Growth capital (also called growth equity) is a type of investment opportunity in relatively mature companies that are going through some transformational event in their lifecycle with the potential for some dramatic growth. It is a type of private equity investment, usually, a minority investment, in relatively mature companies that are looking for capital to expand or restructure operations, enter new markets or finance a significant acquisition without a change of control of the business. It is measured by the difference between the current value, or market value, of an asset or investment and its purchase price or the value of the asset or investment at the time it was acquired. It can be used to accelerate growth, fund acquisitions, or offer liquidity to current shareholders.

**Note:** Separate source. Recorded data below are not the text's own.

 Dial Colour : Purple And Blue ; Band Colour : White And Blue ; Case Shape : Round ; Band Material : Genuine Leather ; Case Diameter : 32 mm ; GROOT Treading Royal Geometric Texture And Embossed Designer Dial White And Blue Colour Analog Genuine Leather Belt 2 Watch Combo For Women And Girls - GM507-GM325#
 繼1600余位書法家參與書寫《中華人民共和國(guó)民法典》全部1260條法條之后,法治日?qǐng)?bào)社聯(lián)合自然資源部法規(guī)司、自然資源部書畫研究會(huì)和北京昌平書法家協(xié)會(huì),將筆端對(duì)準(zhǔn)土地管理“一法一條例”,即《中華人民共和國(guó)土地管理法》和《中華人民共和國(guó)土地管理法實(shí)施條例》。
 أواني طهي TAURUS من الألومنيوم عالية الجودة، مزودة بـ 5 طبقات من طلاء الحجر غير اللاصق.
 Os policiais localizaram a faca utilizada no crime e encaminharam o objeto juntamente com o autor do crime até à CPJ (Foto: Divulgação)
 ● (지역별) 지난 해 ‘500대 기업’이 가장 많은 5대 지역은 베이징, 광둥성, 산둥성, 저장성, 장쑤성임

Companies that seek growth capital will often do so to finance a transformational event in their lifecycle. Growth Equity firms invest in well-run, growing businesses with proven business models, and solid management teams looking to continue driving the business. These companies are likely to be more mature than venture capital-funded companies, able to generate revenue and profit but unable to generate sufficient cash to fund major expansions, acquisitions, or other investments. An entrepreneur’s desire to take growth capital when they don’t “need to” sends a great signal to growth. Because of this lack of scale, these companies generally can find few alternative conduits to secure capital for growth, so access to growth equity can be critical to pursue necessary facility expansion, sales and marketing initiatives, equipment purchases, and new product development. Venture Capital investors assume significant market and product risk. In contrast, growth equity investors assume primarily execution and management risk.

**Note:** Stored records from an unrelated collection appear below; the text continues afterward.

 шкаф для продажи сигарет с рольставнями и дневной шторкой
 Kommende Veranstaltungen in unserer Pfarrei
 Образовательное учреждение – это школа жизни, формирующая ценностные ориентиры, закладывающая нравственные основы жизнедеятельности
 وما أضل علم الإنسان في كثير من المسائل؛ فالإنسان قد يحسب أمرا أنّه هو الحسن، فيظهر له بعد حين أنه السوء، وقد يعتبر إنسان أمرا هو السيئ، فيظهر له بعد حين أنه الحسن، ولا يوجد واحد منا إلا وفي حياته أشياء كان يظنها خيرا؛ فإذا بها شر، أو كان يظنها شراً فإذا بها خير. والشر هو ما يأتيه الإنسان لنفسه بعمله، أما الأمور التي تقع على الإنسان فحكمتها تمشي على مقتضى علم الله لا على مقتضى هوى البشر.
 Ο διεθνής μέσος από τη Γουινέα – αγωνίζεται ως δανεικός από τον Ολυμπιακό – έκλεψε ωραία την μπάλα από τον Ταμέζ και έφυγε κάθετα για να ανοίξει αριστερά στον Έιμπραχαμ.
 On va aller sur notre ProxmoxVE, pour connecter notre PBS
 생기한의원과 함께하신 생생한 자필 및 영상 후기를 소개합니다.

Growth capital is placed on the gamut of private equity investing at the crossroads of venture capital and control buyouts. Growth capital can also be used to effect a restructuring of a company’s balance sheet, particularly to reduce the amount of leverage (or debt) the company has on its balance sheet. The investment objective varies among investors, depending on their level of risk tolerance. Investors with low-risk tolerance are likely to seek income, while investors with high-risk tolerance are likely to seek capital growth.

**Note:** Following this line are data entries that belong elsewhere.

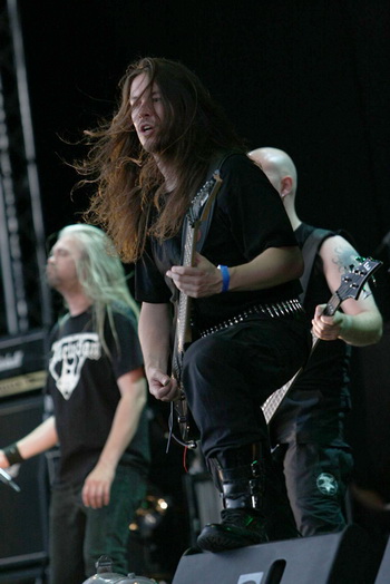 Nachdem die Sonne das Gelände in den letzten Stunden mehr als verwöhnt hat verspricht der Himmel gegen Mittag Abkühlung, die wir in diesem Jahr dankbar annehmen. Es tröpfelt, während sich IRATE ARCHITECT anschicken, den Freitag zu eröffnen. Die Jungs überraschten mich auf ihrem Debut "Visitors" durch eine komplexe Mischung aus Death Metal und Grindcore, die trotz aller technischer Finessen mit nachvollziehbaren Songstrukturen daher kommt. Auch auf der Bühne brauchen Irate Architect nicht hinter ihren musikalischen Paten Dying Fetus oder Misery Index zu verstecken. Die Hamburger holen auch den letzten Langschläfer mit ihrem brutalen Sound aus dem Zelt und sorgen damit für den "Hallo-Wach-Effekt". Selbst der Regen verzieht sich zwischenzeitlich.(JD) Hier braucht man nicht allzuviele Worte verlieren, diese deutschen Death-Metaller DEFLORATION rollen alles nieder. Die Grooves sind niederschmetternd und alles ist im beständigen Wechsel zwischen Blast und Midtempo. Die Stimmung ist erste Sahne und an Publikum mangelt es während dieser Band auch nicht. Fazit: Hammer! (DS) TYRANT aus Schweden machen mit ihrem rohen Sound dem Black Metal nun wieder alle Ehre und bieten eine solide Vorstellung ohne wirklich zu glänzen. Ein Achtungserfolg, welcher in punkto Eigenständigkeit im musikalischen Sinne in Zukunft ruhig noch untermauert werden darf. (CP) Er ist zurück gekehrt. Nachdem Martin van Drunen im letzten Jahr mit Asphyx ein grandioses Comeback feierte, steht der Ausnahmesänger heuer mit seiner neuen Kriegsmaschinerie
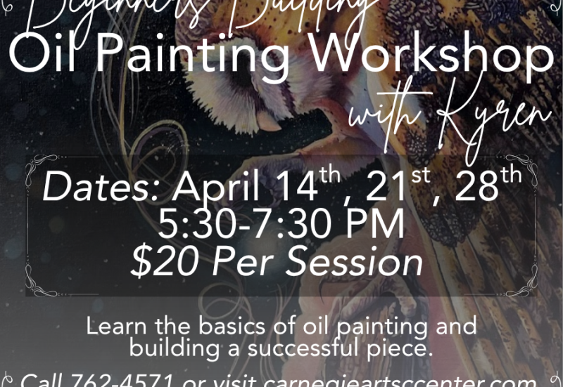 The Carnegie Arts Center has you covered! Under the instruction of our director Kyren, participants will get an in depth introduction to the oil painting as a whole. No prior experience is needed as this is a beginner friendly class. Participants will learn better brush coordination, paint mixing, paint application, and building layers on the canvas.
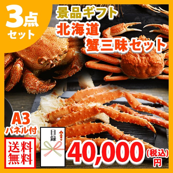 グルメギフト券【目録】北海道カニ三昧3点セット/三大蟹 タラバガニ ズワイガニ 毛蟹/目録 景品 パネル 北海道 かに 毛ガニ 姿...
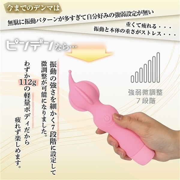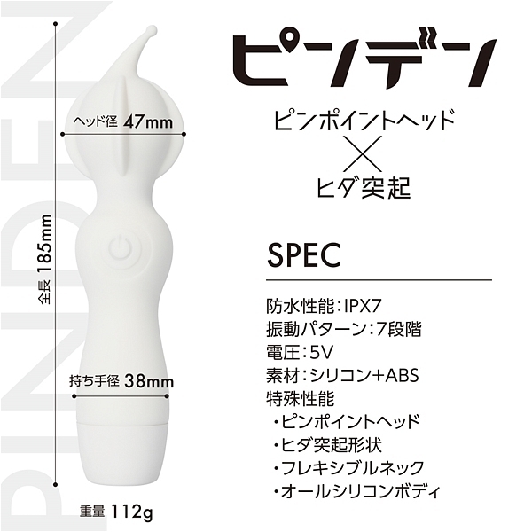 ピンポイントヘッド・ヒダ突起付の完全防水シリコンデンマです。上質振動の強力モーター搭載・高品質シリコンボディ・フレキシブルネックの上級性能に加えてピンポイントを強力刺激出来る先端突起と割れ目に入れて楽しめるヒダ突起形状をプラスしました。振動も一般的なパターン振動では無く、こだわりの強弱微調整可能な7段階振動です。もちろん普通のデンマスタイルも可能なので色々な楽しみ方が出来ます。しかもIPX7の完全防水性能だから使い勝手もバツグンです。90分満充電で60分使用可能(使用環境により大幅に増減します)なリチウムイオン電池内蔵。パワフルなのに繊細な使い方も楽しめるデンマです。●カラー:ホワイト |

Growth capital is often structured as preferred equity, although certain investors will use various hybrid securities that include a contractual return (i.e., interest payments) in addition to an ownership interest in the company. It popularly known as expansion capital is capital provided to relatively mature companies that require money to expand or restructure operations or explore and enter new markets. Often, companies that seek growth capital investments are not good candidates to borrow additional debt, either because of the stability of the company’s earnings or because of their existing debt levels. So basically growth capital serves the purpose of facilitating target companies to accelerate growth.